-
Notifications
You must be signed in to change notification settings - Fork 1
Model File
Modeling different combinations of datasets and model methodologies may be important for some projects. Model parsing notation is a shorthand that informs the model about which datasets to use in training and testing as well as which classifiers to use and how to weight them if necessary.

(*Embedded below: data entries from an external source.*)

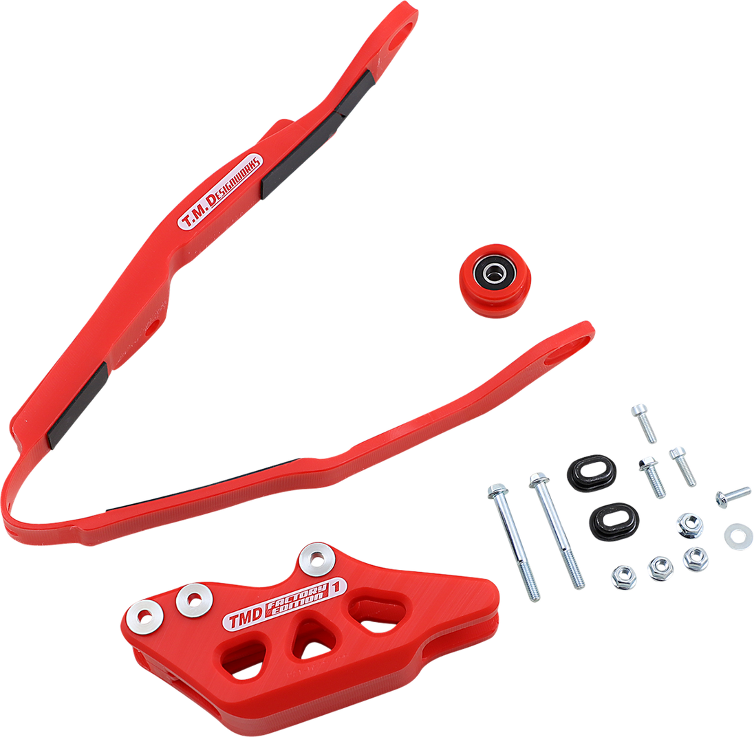 Chain Guide/Slider - Honda - Red Chain Guide and Slider Kit The kit includes dirt cross chain slider, lower powerlip roller or frame pad, and rear chain guide (either factory edition #1 or #2) The dirt cross sliders are made from the TMD compression-injected propriety plastic Most dirt cross sliders have noise-reducing dampening pad installed Fitment: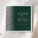 A borda esquerda desses elegantes guardanapos de casamento modernos apresenta um design de cintilação de prata. O texto personalizável combina a escrita manual de cinzas prateadas e as fontes de impressão sobre um grande painel e sobre um fundo verde escuro.
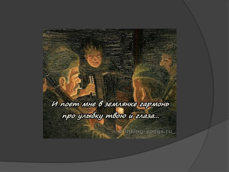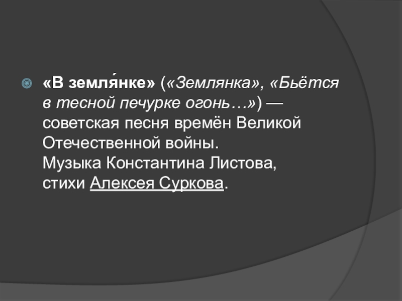 Слайд 6«В земля́нке» («Землянка», «Бьётся в тесной печурке огонь…») — советская песня времён Великой Отечественной войны. Музыка Константина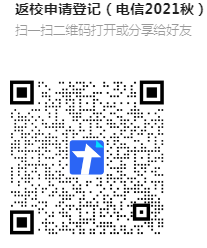 2、每位学生于8月29日12:00前,扫码提交返校申请信息。辅导员、学工办8月30日前完成审核,确定是否符合返校条件。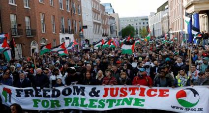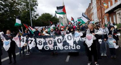 وفي دبلن، تجمع آلاف الأشخاص أمام البرلمان الأيرلندي لإحياء ذكرى مرور عامين على “الإبادة” في غزة، وفقا للمنظمين.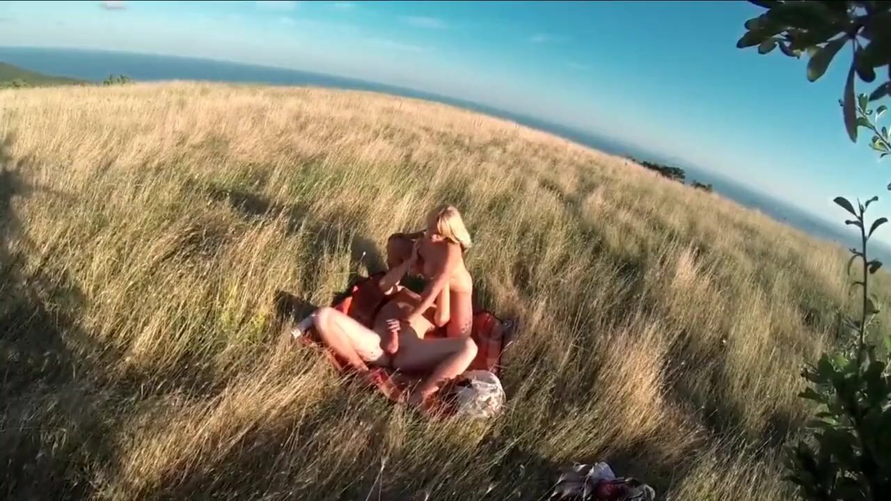 Nude couple fucks in a field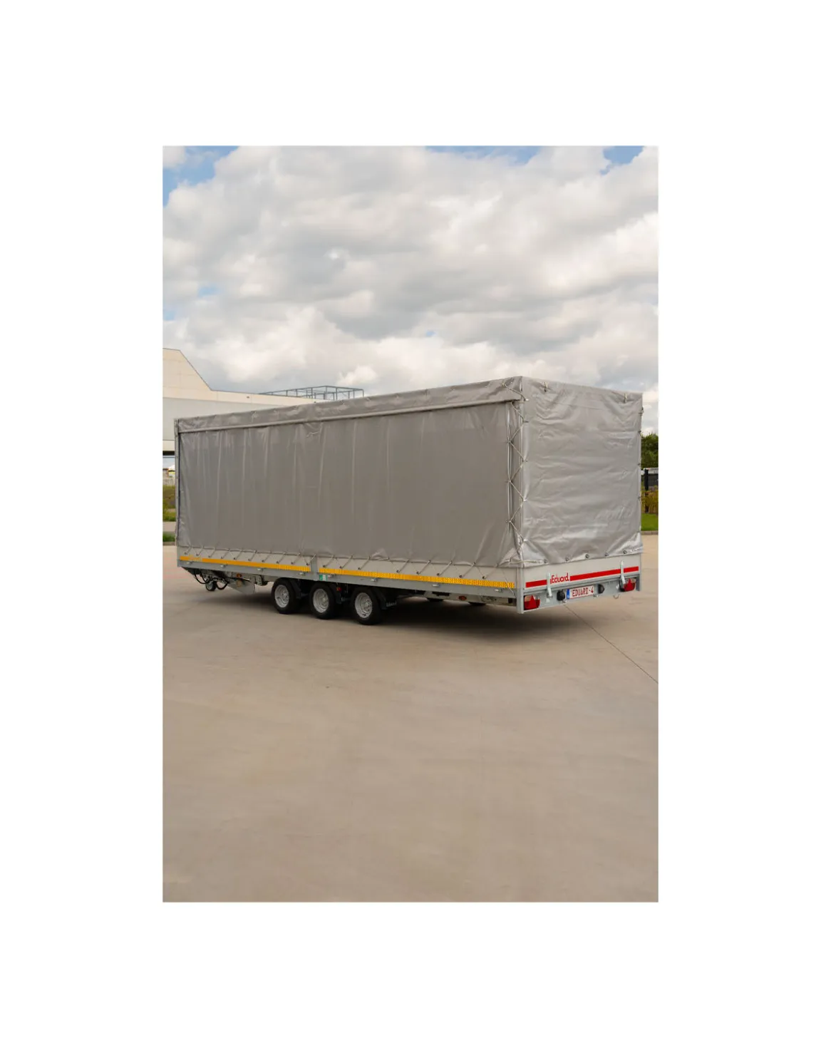 Dank der soliden Konstruktion eines Dreiachsanhänger mit Bremsen profitieren Sie von optimaler Stabilität und Sicherheit bei jedem Transport. Dieses Modell ist bis zu einer Länge von 6 Metern erhältlich und kann eine Last von bis zu 3.500 kg tragen. Dieser Anhängertyp ist daher die ideale Basis für einen Autotransporter oder Maschinentransporter. Die hohe Tragfähigkeit und die große Ladefläche machen den gebremsten dreiachsigen Plattformanhänger zu einem multifunktionalen und zuverlässigen Anhänger für die unterschiedlichsten Einsatzzwecke.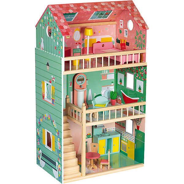 Кукольный домик Janod Happy Day, 12 элементов мебели, Разноцветный, Кукольный домик Janod Happy Day, 12 элементов мебели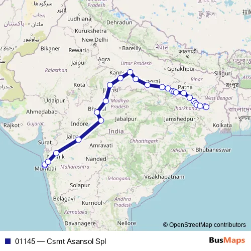 The first stop of the 01145 rail route is C Shivaji MAH T and the last stop is Asansol Jn.. 01145 (Csmt Asansol Spl) is operational during everyday.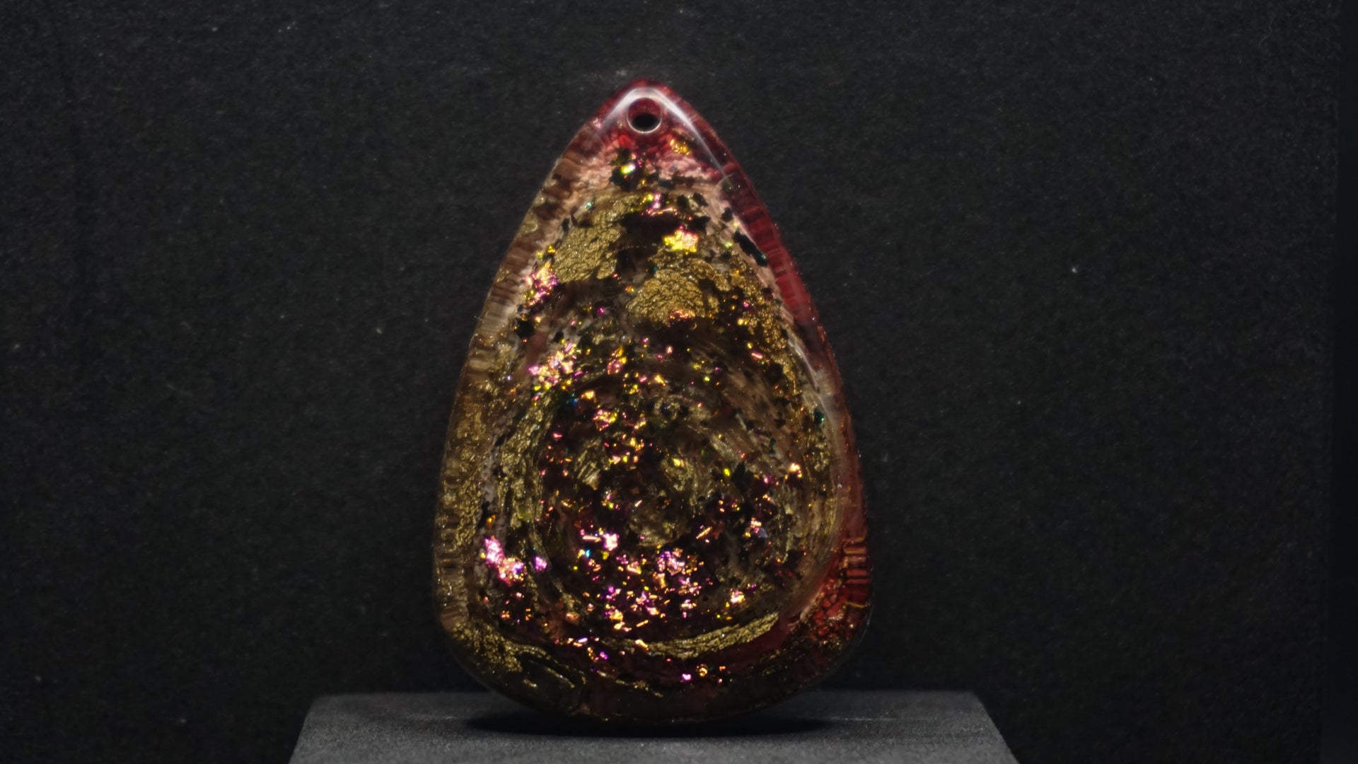 All of our pieces are resin based, featuring a variety of shimmery/sparkly mica backdrops, alcohol ink, and hand painted designs. At this time we are only including personalization on the back of the tag to not compete with the design. Most alcohol ink tags are backed in either black or white depending on what we feel works the best.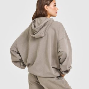 Raw Lounge Oversized Zip Hoodie Washed Dark Khaki

This is the example model.json provided for Map Gloss:
[
{
"name": "main",
"train": ["dev1", "dev2"],
"test": ["test"],
"classifiers": {
"tbl": 1.0
}
},
{
"name": "russian",
"train": ["dev1!rus", "dev2", "test"],
"test": ["dev1-rus"],
"classifiers": {
"tbl": 1.0
}
}
]Note that these examples only use the Transformation Based Learning (TBL) classifier. It is the only one thus far that has proven effective on a unique gloss based gloss mapping methodology.
The model.json file a user creates must be a list at the top level and each model is an object with key-value pairs. Each model has exactly four attributes that define it. The following explain this so that the user might better understand how to create their model.json file.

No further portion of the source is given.